What group makes up the other 60% of the study? Why are they not included in the program?
All of you folks that love this program…take the money out of your wallet. Your arguments are friviolous…not my job to improve anyone’s life…I’ll always help with a hand up…not a hand out.
I don’t have to love the program. Please define your hand up vs hand out. Before you answer I’ll acknlowledge it’s not your job to help others as you’re not being paid to HELP others. Also curious what are the last six “hand ups” have you done in the last six months?
it’s welfare; dressing it up w contemporary names or definitions doesn’t change that it’s giving money away wout earning it. Unbridled distribution of tax payer money caused NYC to go bankrupt in the 1970s. Fairfax needs to look at history before taking a fast lane exit to economic annihilation.
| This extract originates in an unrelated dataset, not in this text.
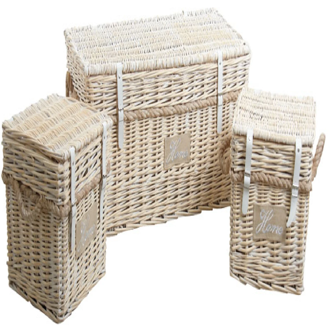 Points forts Aubry Gaspard Malles carrées en osier blanchi (Lot de 3).

I consider myself liberal, but I don’t love that the county is using my property tax dollars for this when our parks department and libraries are always having to scrimp to save money (or raise fees) even though they’re a tiny portion of our budget. The Fairfax County health and welfare budget is nearly 9x the amount we spend on parks and libraries (11.1% vs. 1.3%). On top of that, our annual property taxes are already nearly double what the rest of VA state residents outside of NOVA pay for similar sized homes.